Hence, the concern here can be applied to both off-line and on-line settings. In the on-line setting, we can directly control the policy and make sure that the policy is stochastic enough. Hence, this requires us to design the updating algorithm in a ways that contains sufficient randomness. In the off-line setting, the behavior policy may not contain enough randomness. This makes our estimation of the optimal policy risky in the sense that we may conclude that a policy has high value, but it is only because there are a few samples that are very high or there is almost no sample, but the functional approximation makes that value very high.
Let’s first look at an example that is more suitable for online setting. We can add a term to the objective function that penalizes the entropy of the policy. This is called the entropy regularized actor-critic method or the soft actor-critic proposed by Haarnoja et al. (2018). The objective function is
\[ J(\theta) = \E_\pi \left[ \sum_{t=0}^T \gamma^t \Big[ R_t + \alpha \cH \big(\pi(\cdot | S_t) \big) \Big] \right] \]
where \(\alpha\) is a entropy regularization parameter, and \(\cH\) is the entropy function. The entropy of a discrete distribution is defined as
\[ \begin{aligned} \cH(\pi) &= - \E_{a_t \sim \pi} \left[ \log \pi(a_t | s_t) \right] \\ &= - \int_a \pi(a | s) \log \pi(a | s) da \end{aligned} \]
Since our goal is to maximize the objective function \(J(\theta)\) by choosing the policy parameter \(\theta\), this will involves both the discounted sum of rewards and also the entropy of the policy. This formula encouraging the policy to be more stochastic hence leads to more exploration. The diffidence between this the standard \(\epsilon\)-greedy method is that the \(\epsilon\)-greedy method still learns a deterministic policy but only utilize the stochastic policy for exploration. In contrast, the entropy regularized actor-critic method learns a stochastic policy. As a consequence, the entropy regularized actor-critic method changes the traditional objective function of MDP. We can see that
\[ V(s_t) = \E_{a_t \sim \pi} \big[ Q_\theta(s_t, a_t) - \alpha \log (\pi(\cdot | s_t)) \big] \]

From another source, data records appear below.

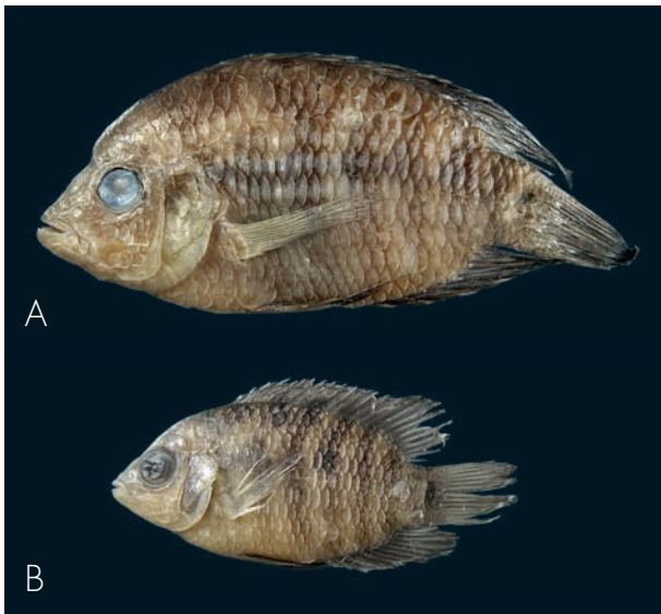
Fig. 2. Australoheros perdi sp.n.: Brazil, Minas Gerais state: Marliéria municipality: lacustrine region of the middle Doce River basin, Doce River Valley, Parque Estadual do Rio Doce, Lagoa Gambazinho, 19° 47' 10,6" S, 42° 34' 48,3" W. A, UFRJ 7912, 88.4 mm SL (paratype) and B, UFRJ 7911, 44.5 mm SL (paratype).

Comparative material is listed in OTTONI (2010), OTTONI & CHEFFE (2009), OTTONI & COSTA (2008), OTTONI et al. (2008) and SCHINDLER et al. (2010). Comparisons with Chromys oblonga CASTELNAU, 1855 and Heros autochthon GÜNTHER, 1862 were based on CASTELNAU (1855) and GÜNTHER (1862).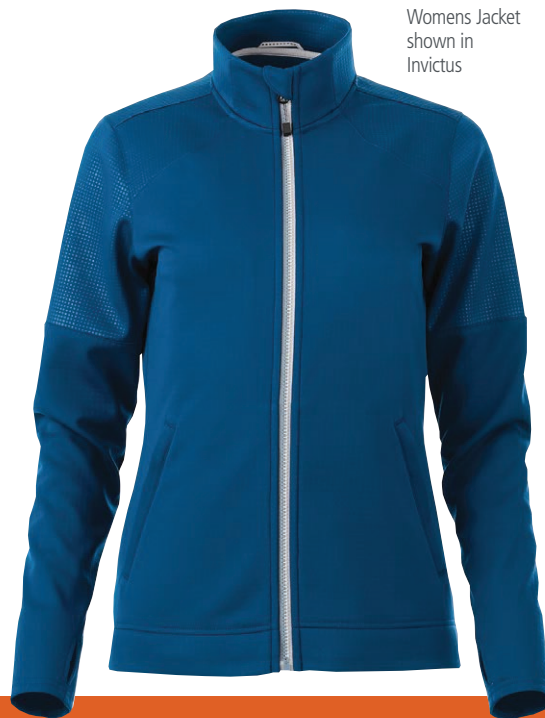
Womens Jacket shown in Invictus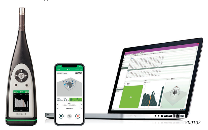
Fig. 1 The complete solution: B&K 2245 Sound Level Meter and the Product Noise Partner app installed on a mobile device and PC

This means there are no licence files to install on the PC, and no dongles. Mobile and desktop apps can be freely downloaded and installed on any supported iOS mobile device and PC, and measurements made with the instrument can be easily and seamlessly edited by the desktop app on a PC without extra requirements.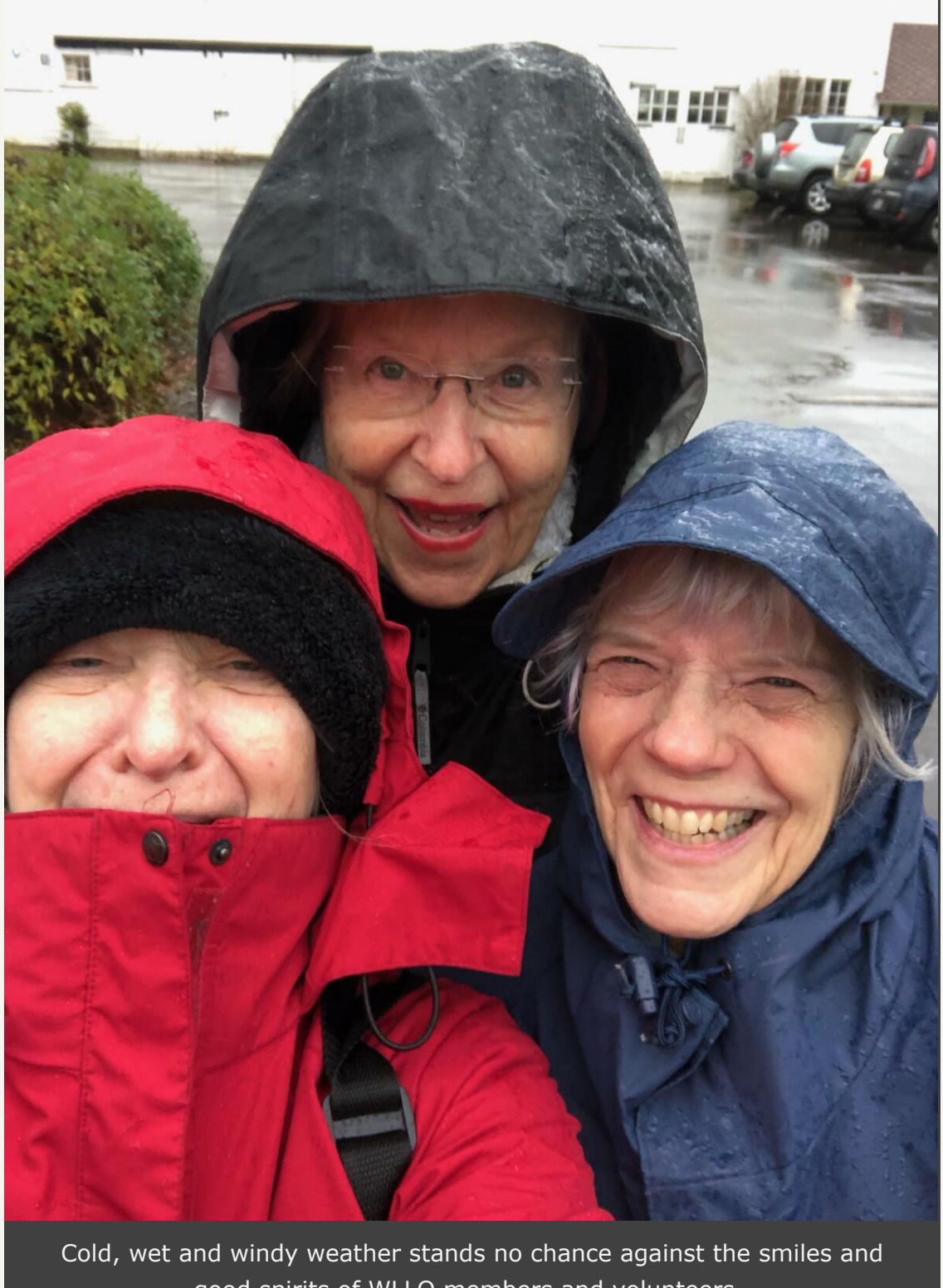
good spirits of WLLO members and volunteers.

Hence, we can define a new Bellman operator, which essentially extends the traditional Bellman operator.
\[ \begin{aligned} \cT Q(s_t, a_t) &= R_t + \gamma \E_{s_{t+1}} \big[ V(s_{t+1}) \big] \\ &= R_t + \gamma \E_{s_{t+1}} \big[ \E_{a} \big[ Q(s_{t+1}, a) - \alpha \log (\pi( a | s_{t+1})) \big] \big] \\ \end{aligned} \]
The interesting thing about is this is that we may not always binds to the traditional Bellman equation and solve for the optimal policy. As long as we define our objective function or the new Bellman operator, we can manipulate the reinforcement learning problem in various ways. An interesting problem of this is the concept of pessimism (Buckman, Gelada, and Bellemare 2020), which is to design a safer policy. This can be done by controlling the worst case scenario of the reward function, or maybe regularizing the policy to be more conservative. For example, we can penalize the estimated policy towards the behavior policy (Xu et al. 2021), or towards a more sparse policy (Zhou, Zhu, and Qu 2024).